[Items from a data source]
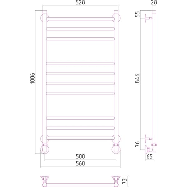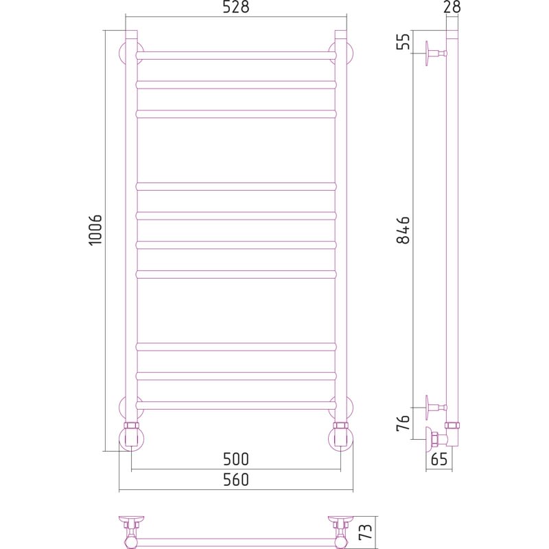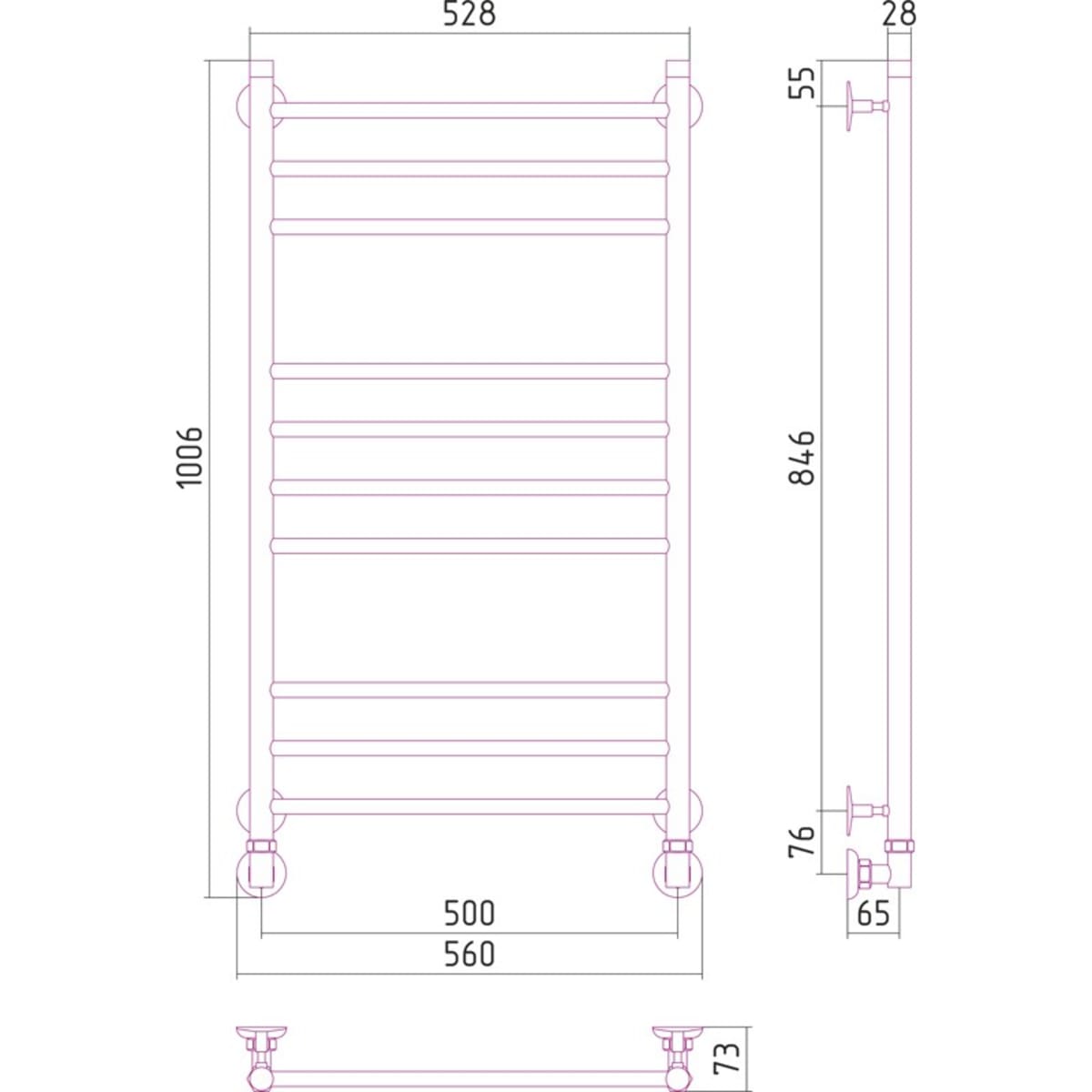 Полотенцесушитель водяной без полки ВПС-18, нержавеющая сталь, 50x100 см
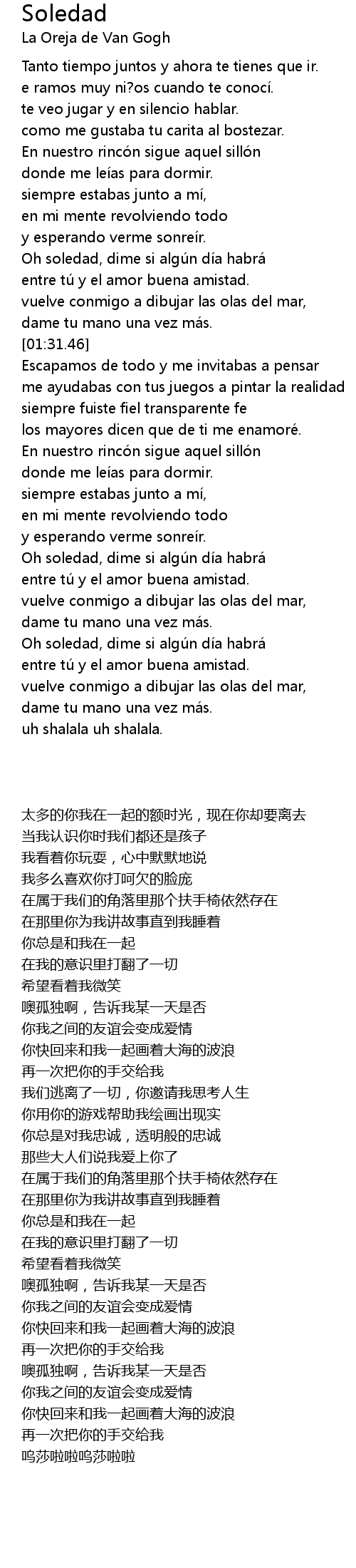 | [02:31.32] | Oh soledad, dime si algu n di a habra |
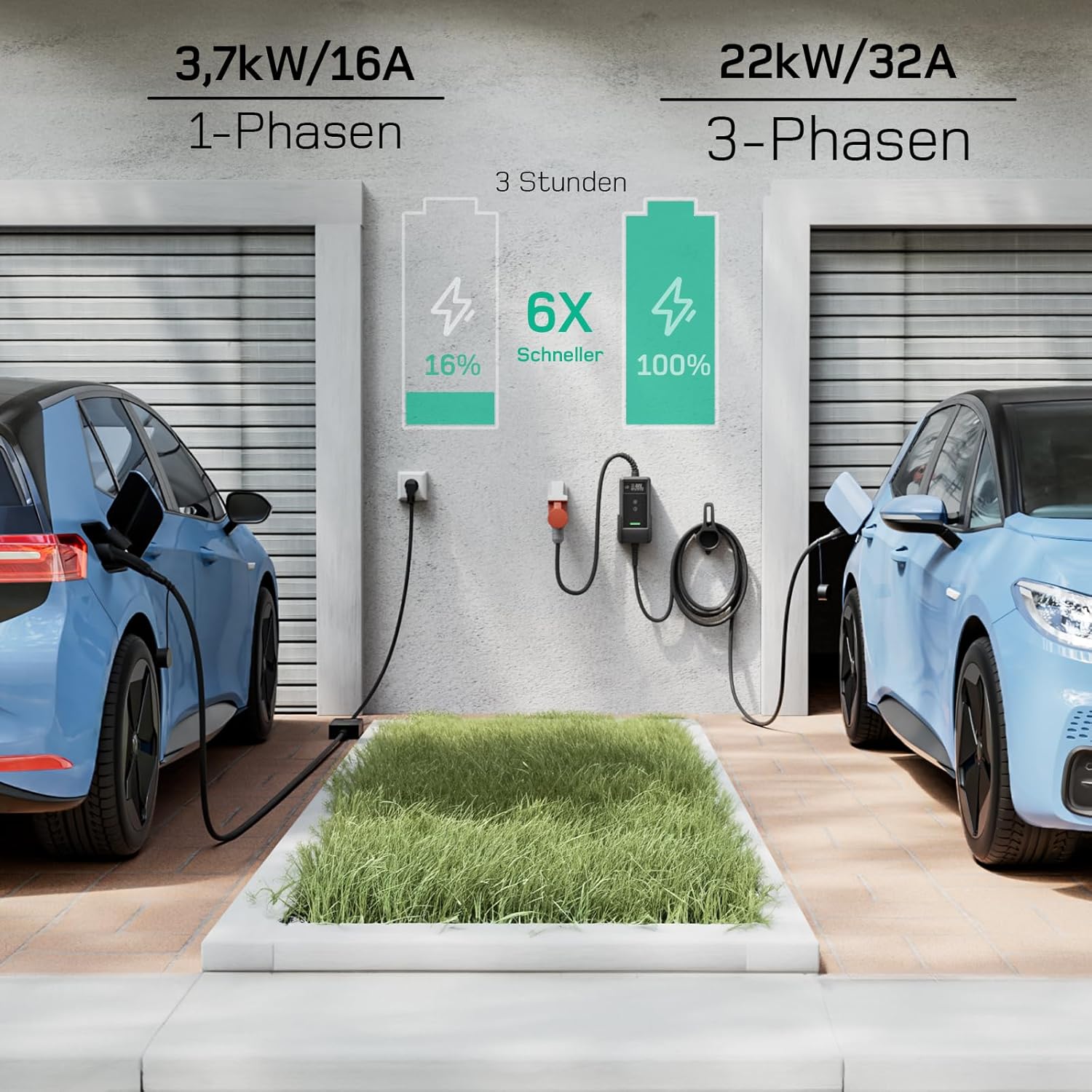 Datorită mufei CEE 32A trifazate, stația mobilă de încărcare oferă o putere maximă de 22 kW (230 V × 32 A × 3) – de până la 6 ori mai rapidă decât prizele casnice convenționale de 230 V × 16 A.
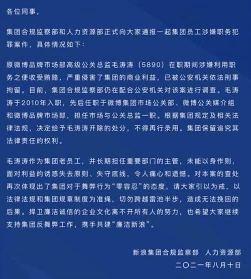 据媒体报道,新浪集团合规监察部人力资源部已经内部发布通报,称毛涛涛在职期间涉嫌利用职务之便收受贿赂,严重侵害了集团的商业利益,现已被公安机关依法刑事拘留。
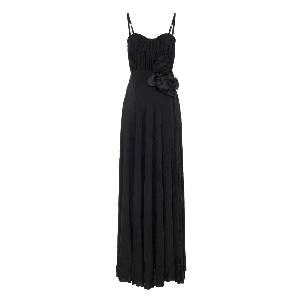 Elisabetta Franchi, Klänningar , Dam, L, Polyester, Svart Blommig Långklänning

# REQUIREMENT
Only an exact copy of the entries, with no pictures, is expected as the answer.

# ANSWER BELOW
 Полотенцесушитель водяной без полки ВПС-18, нержавеющая сталь, 50x100 см
 | [02:31.32] | Oh soledad, dime si algu n di a habra |
 Datorită mufei CEE 32A trifazate, stația mobilă de încărcare oferă o putere maximă de 22 kW (230 V × 32 A × 3) – de până la 6 ori mai rapidă decât prizele casnice convenționale de 230 V × 16 A.
 据媒体报道,新浪集团合规监察部人力资源部已经内部发布通报,称毛涛涛在职期间涉嫌利用职务之便收受贿赂,严重侵害了集团的商业利益,现已被公安机关依法刑事拘留。
 Elisabetta Franchi, Klänningar , Dam, L, Polyester, Svart Blommig Långklänning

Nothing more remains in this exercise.